Adversarial Malware Detection: Defending AI Models Against Evasive Attacks

Hasan, Md Zahid

DSpace Home
→
Faculty of Science and Information Technology
→
Department of Computer Science and Engineering
→
Project Report
→
View Item

Adversarial Malware Detection: Defending AI Models Against Evasive Attacks

Hasan, Md Zahid

URI: http://dspace.daffodilvarsity.edu.bd:8080/handle/123456789/16789

Date: 2025-09-17

Abstract:

Adversarial manipulation of static malware features can derail learned detectors. This research builds and audits a complete pipeline that measures and strengthens robustness for Windows executable screening under explicit, realistic threat models. Windows binaries were represented as fixed-length feature vectors and classified by three complementary learners; a Feed Forward Neural network (FNN) with bounded inputs, a one-dimensional Convolutional Neural Network (1D-CNN) with standardized inputs, and a Gradient-Boosting (LitghtGBM) tree on raw features. Evasion was evaluated with the Fast Gradient Sign Method (FGSM) and Projected Gradient Descent (PGD) for the neural models and with a decision guided routine for the tree model. Defenses combined adversarial training, feature squeezing detectors calibrated at a fixed 1% false-positive rate, and simple probability averaging ensembling. All iteration used fixed seeds and produced saved artifacts for audit.
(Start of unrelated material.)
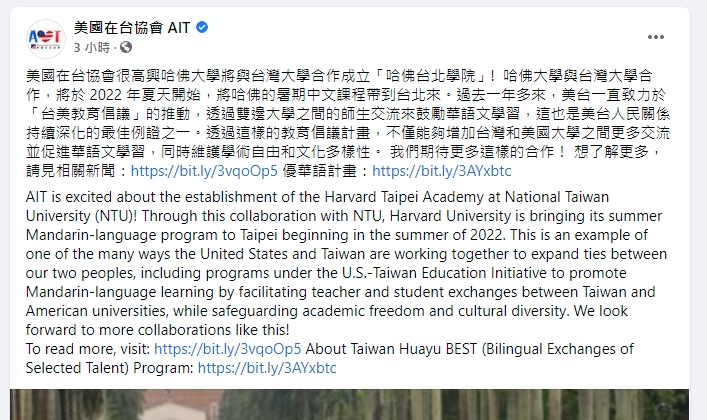AIT晚間透過臉書指出,哈佛大學與台灣大學合作,將於2022年夏天開始,將哈佛的暑期中文課程帶到台北來。

Clean baselines on the full test set were strong: gradient-boosted trees reached 97.63% accuracy and 99.62% receiver operating characteristic area under the curve (ROCAUC), the convolutional network reached 96.37% and 99.24%, and the feed forward network reached 95.68% and 98.48%. Under iterative adversarial attacks, the convolutional network falls to 0.23% at a large projected gradient descent budget and the feed forward network to 28.43% at a moderate budget. Adversarial training improved robustness only marginally while reducing clean accuracy; detectors recovered up to 44.00% true-positive rate at a 1% false-positive rate; ensembling stabilized predictions but did not neutralize strong attacks.